11 Electricity distribution companies (DisCos) generated a total of N196.13bn revenue in March 2026, according to the latest commercial performance report released by the Nigerian Electricity Regulatory Commission (NERC).
The figure represents a marginal decline of 0.28 per cent from the N196.68bn collected in February, despite an increase in total energy received and billed during the month.
NERC’s factsheet showed that the 11 DisCos received electricity worth N293.76bn and billed customers N246.43bn, translating to a national billing efficiency of 83.89 per cent.

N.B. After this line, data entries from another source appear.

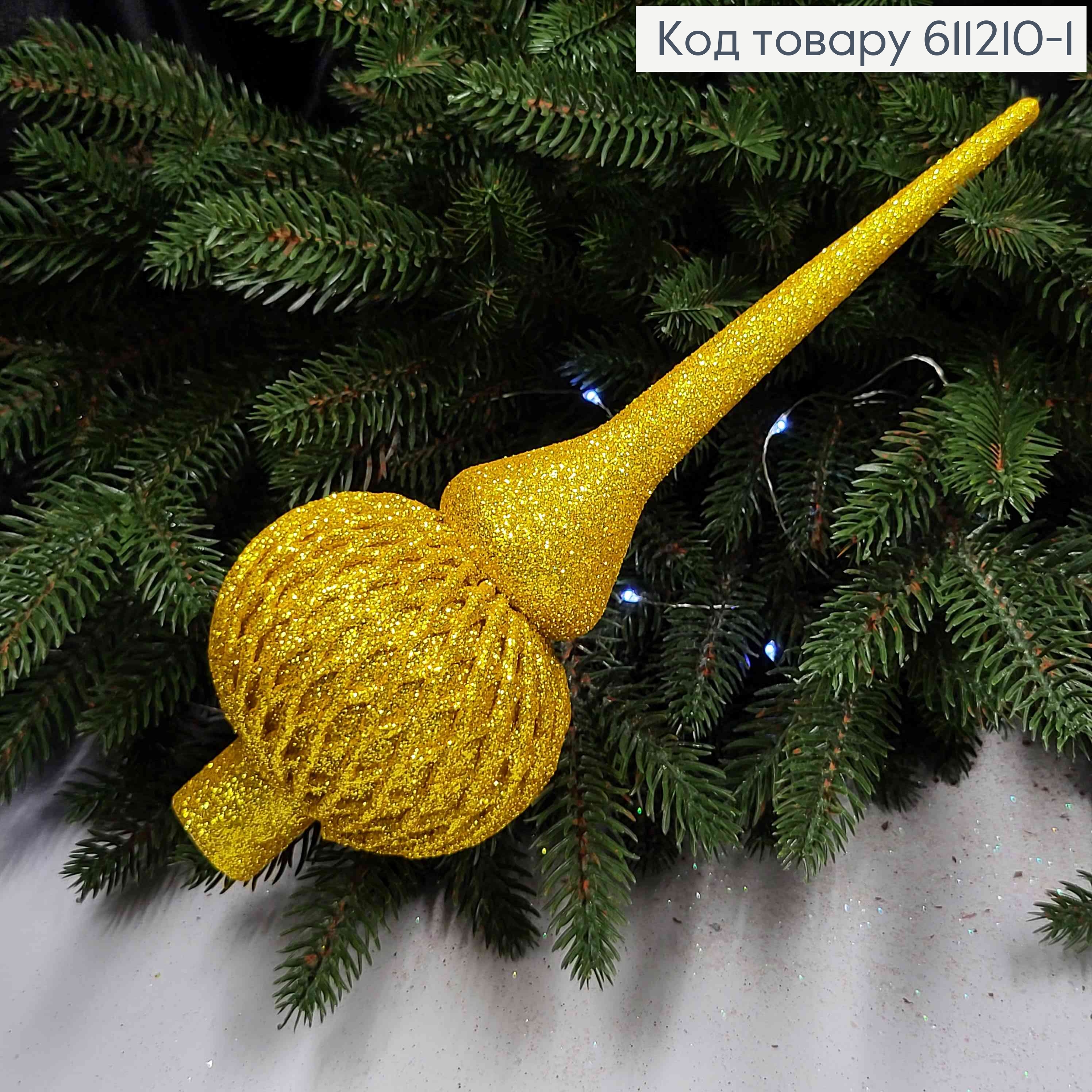 Верхушка блеск ЗОЛОТАЯ, высота 25см, Новогоднее украшение, пластик, Украина
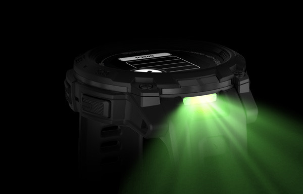 V púzdre hodiniek sa nachádza výkonná LED baterka s nastaviteľným jasom v niekoľkých úrovniach (aj s režimom záblesku) a bielym alebo zeleným svetlom.
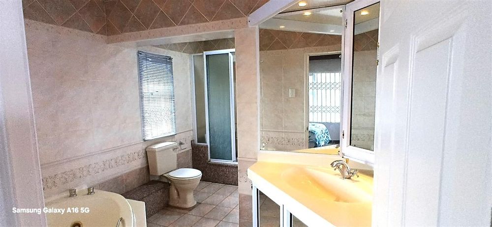 The breakfast nook is the perfect spot to enjoy your meals, and the built-in cupboards offer ample storage space for all your kitchen essentials. For added security, the property is fitted with burglar bars, giving you peace of mind.
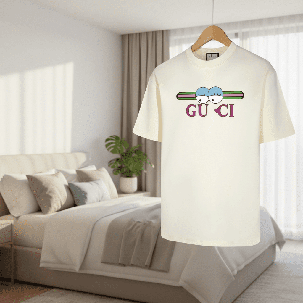 Gucci Off-White Cotton T-Shirt featuring cartoon eyes and logo graphic, stylish unisex design for comfortable everyday wear with a trendy casual vibe.
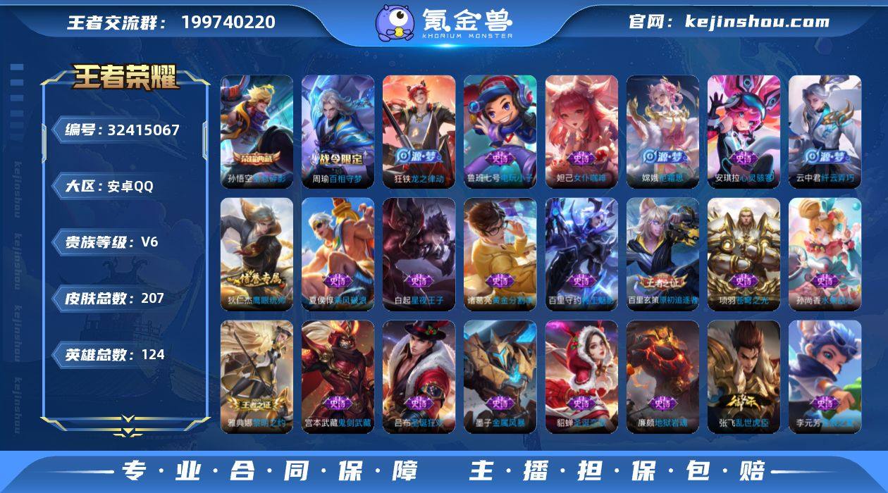键 8印记 1天幕 实名: 可修改 贵族等级: V6 英雄数: 124 皮肤数: 207 荣耀水晶: 全息碎影 限定皮: 李小龙,梁祝,高山流水,孙行者,猪悟能,匿光追影者,五谷丰年,齐天大圣
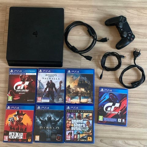 Sony Playstation 4 Pro konsol i sort. Konsollen ses sammen med fire DualShock 4 controllere i forskellige farver samt et udvalg af PS4-spil og kabler. .
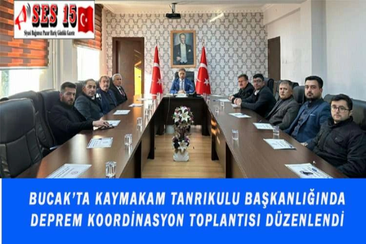 Bucak İlçe Kaymakamı Erol Tanrıkulu, Bucak İlçe Belediye Başkanı Emrullah Ünal, Belde Belediye Başkanları başta olmak üzere Kurum Müdürleri ve Sivil toplum kuruluşlarının temsilcileri ile birlikte Depremden Etkilenen vatandaşlar için Kaymakamlık Toplantı salonunda “Deprem koordinasyon toplantısı” gerçekleştirdi. Kaymakam Tanrıkulu, Depremden etkilenen Vatandaşların yaralarını daha hızlı sarabilmek, ayni ve nakdi yardımların deprem bölgesine süratli bir şekilde ulaştırılabilmesi için; Ayni Yardımların ilçemizde belirlenen toplama merkezlerine, nakdi yardımların ise Valiliğin Resmi bağış hesabına ulaştırılabileceklerini belirtti. Kaymakam Tanrıkulu, duyarlılık gösteren Bucaklı vatandaşlara, STK temsilcilerine, İş İnsanlarına ve tüm Kamu personeline teşekkür etti.
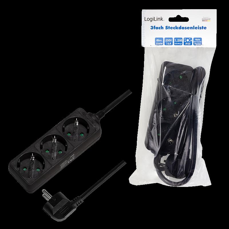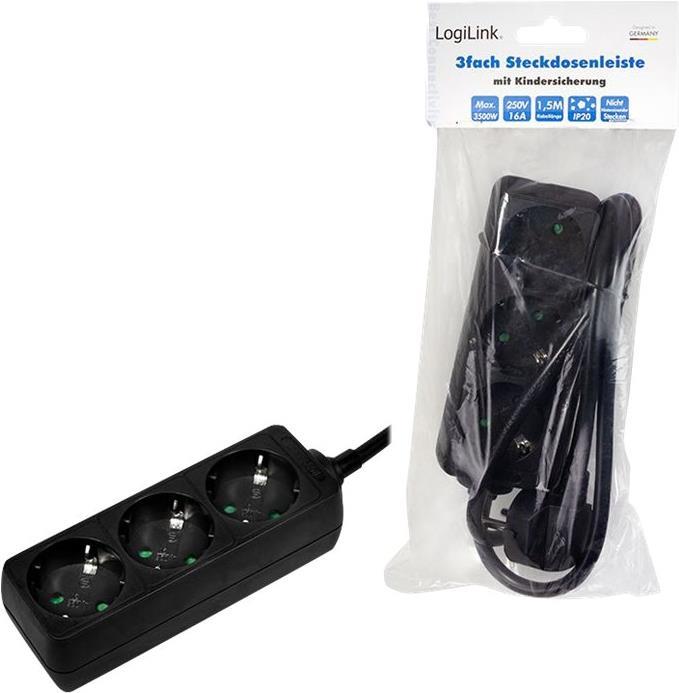 Steckdosenleiste mit 3 Schutzkontaktbuchsen von LogiLink. Buchsen mit Kindersicherung. Kabellänge 1,5 m.
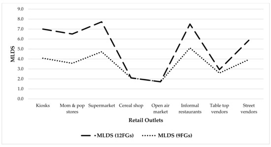 To understand the availability of food in the sampled outlets, we computed the MLDS, which shows dietary options for consumers. In computing the MLDS we used both 9 and 12 food groups to assess market situation when all food groups (12 FG) and only the more nutritious foods are considered (9 FG). MLDS utilizes a food-group categorization similar to the HDDS. As expected, supermarkets had the highest MLDS (Figure 3), a finding that is consistent with literature on the expansion of supermarkets in low- and middle-income countries [13,14]. Cereal shops, open-air markets, and tabletop vendors offered the least diversity, with MLDS scores of less than three food groups. Mom-and-pop shops and kiosks offered almost equal levels of food diversity. These trends were unchanged even when excluding the less nutritious food groups: sweets and sugars; oils and fats; and spices, condiments and beverages. However, while cereal shops, open-air markets and tabletop vendors generally stocked low diversity (Figure 3), they also had few offerings from the sweets and sugars, oils and fats, and spices, condiments and beverages groups, all of which make minimal contributions to micronutrient density. Despite the high MLDS in supermarkets, evidence shows that the use of supermarkets is positively associated with income; the urban poor do not regularly patronize them [15,17,23,36]. Kiosks and mom-and-pop shops, second only to supermarkets in terms of MLDS, are more common in poor urban neighbourhoods, and could therefore be used to deliver healthy dietary options among the urban poor.
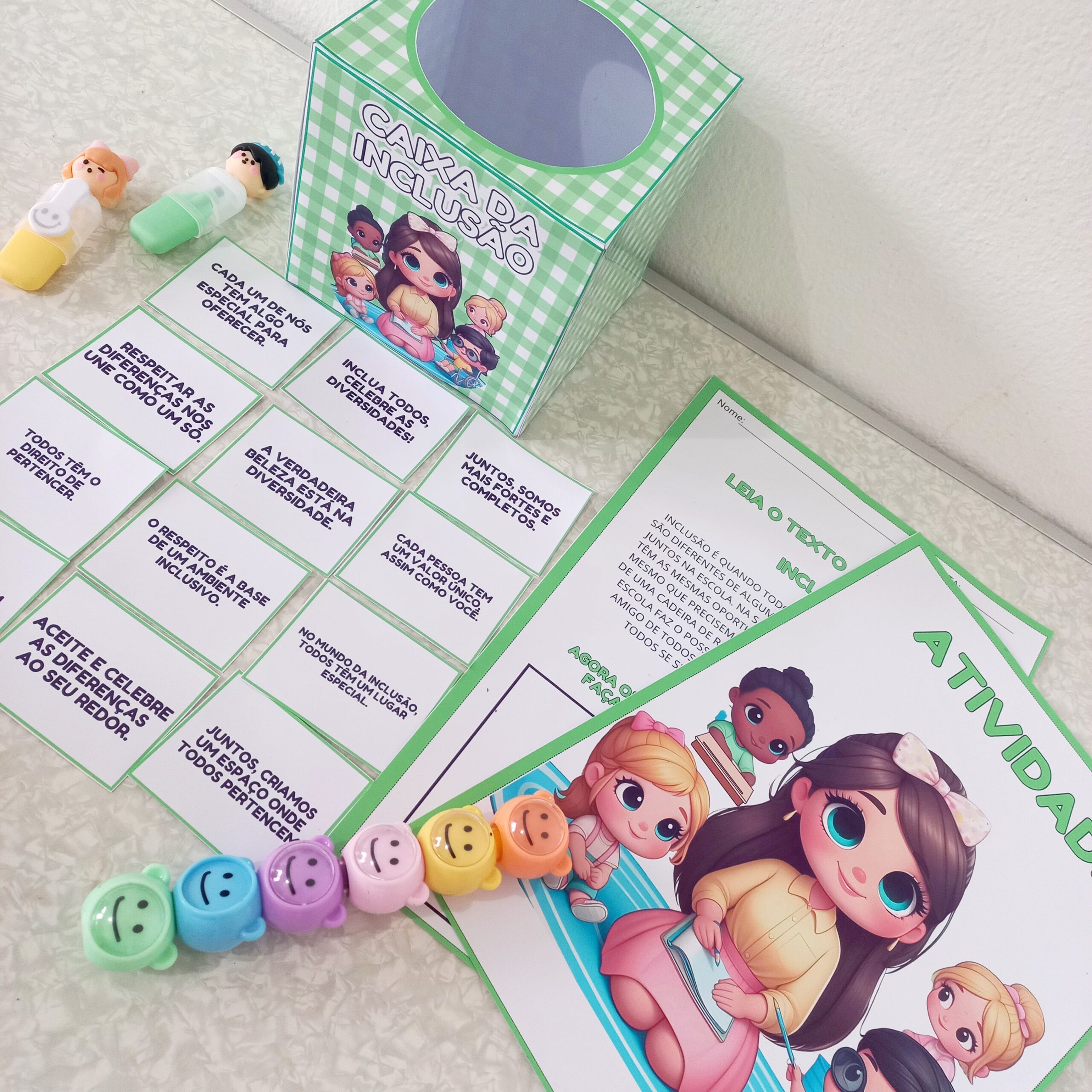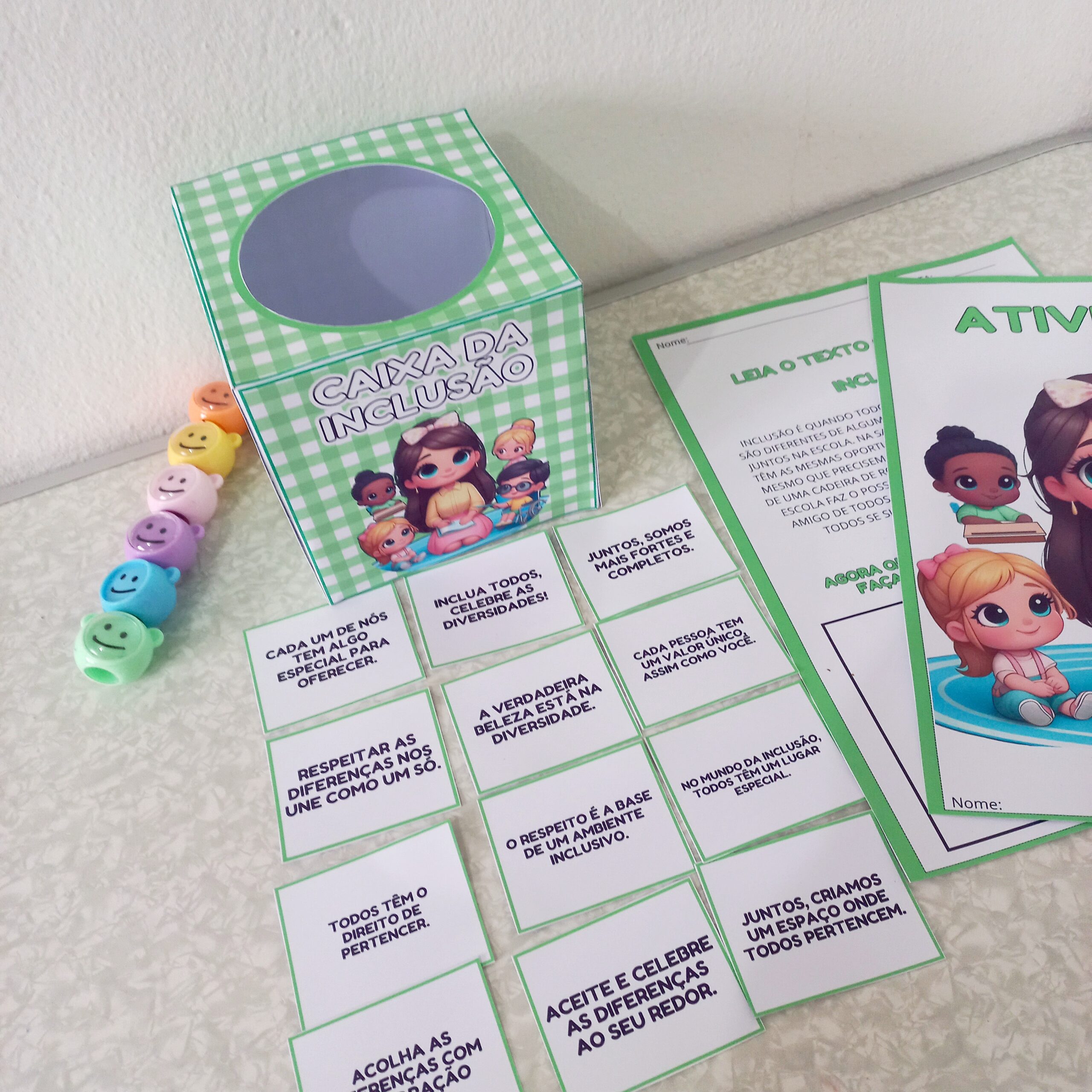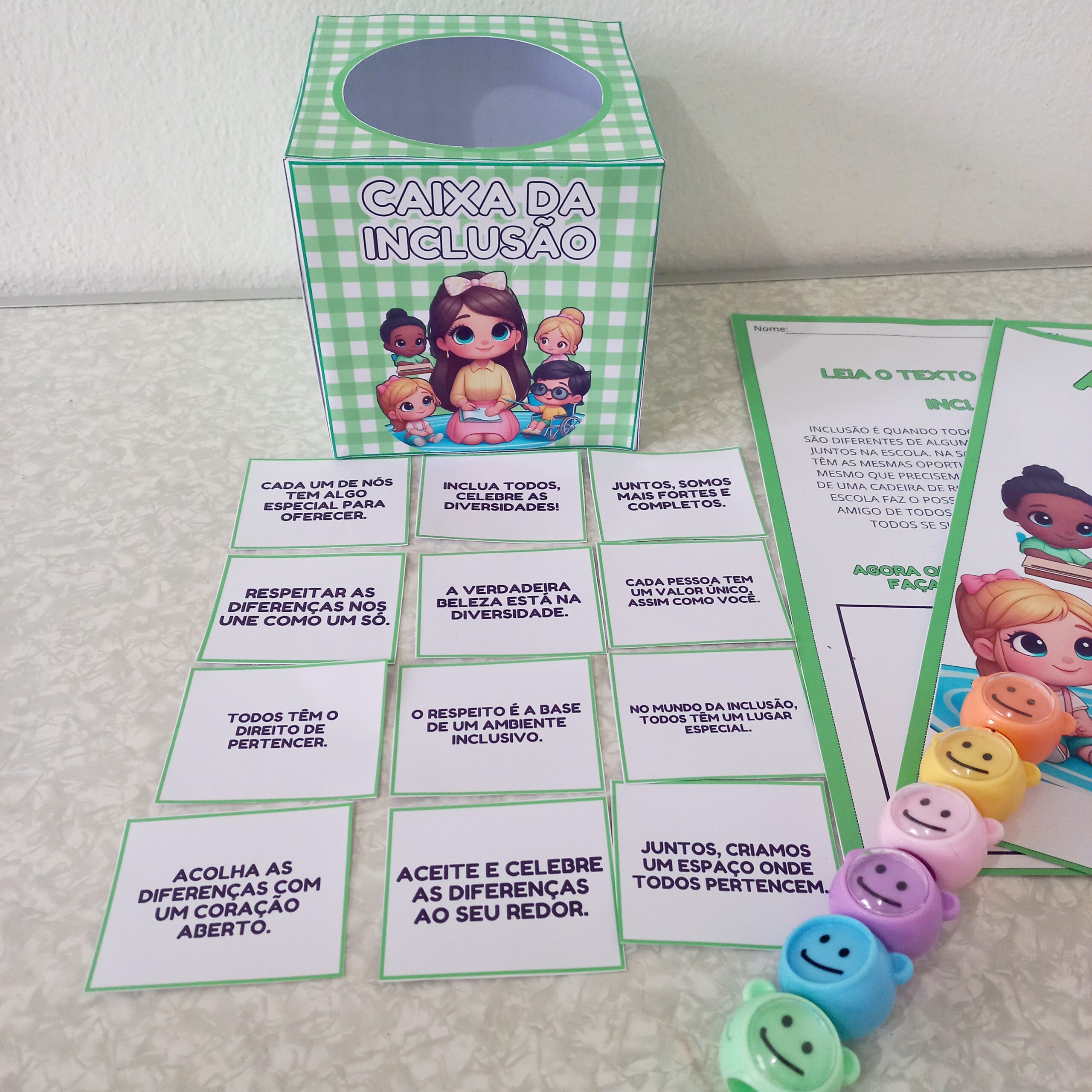 ➡️”Promova a inclusão de forma lúdica e significativa! A ‘Caixa da inclusão’ é um recurso pedagógico projetado para ajudar as crianças a compreender e valorizar a diversidade. Este material Incentiva o respeito e a empatia, criando um ambiente acolhedor onde todos se sentem parte.

However, only 79.59 per cent of the billed revenue was collected, resulting in total collections of N196.13bn.
The Commission stated that among the distribution companies, Ikeja Electric emerged as the best performer in revenue collection efficiency, recording 96.38 per cent and a revenue recovery efficiency of 99.30 per cent.
However, NERC stated that
Kaduna Electric ranked as the worst-performing Disco during the period.
According to the factsheet, it posted a collection efficiency of just 38.54 per cent, collecting only N4.66bn out of N12.10bn billed to customers.
NERC added that Kaduna Electric also recorded the lowest revenue recovery efficiency at 35.65 per cent, significantly below the industry benchmark.
During the period under review, the factsheet stated that Jos Electricity Distribution Company also struggled, posting a collection efficiency of 57.94 per cent and a recovery efficiency of 53.53 per cent.
Also, Yola Disco recorded the lowest billing efficiency of 58.68 per cent and a recovery efficiency of 58.58 per cent.
The report further showed that Abuja DisCo, despite accounting for the highest energy receipt and billing volumes, recorded a collection efficiency of 75.80 per cent, below the industry average.
A breakdown of the report showed that the sector’s revenue recovery efficiency stood at 81.05 per cent, indicating that DisCos recovered just over four-fifths of the revenue expected based on approved tariffs.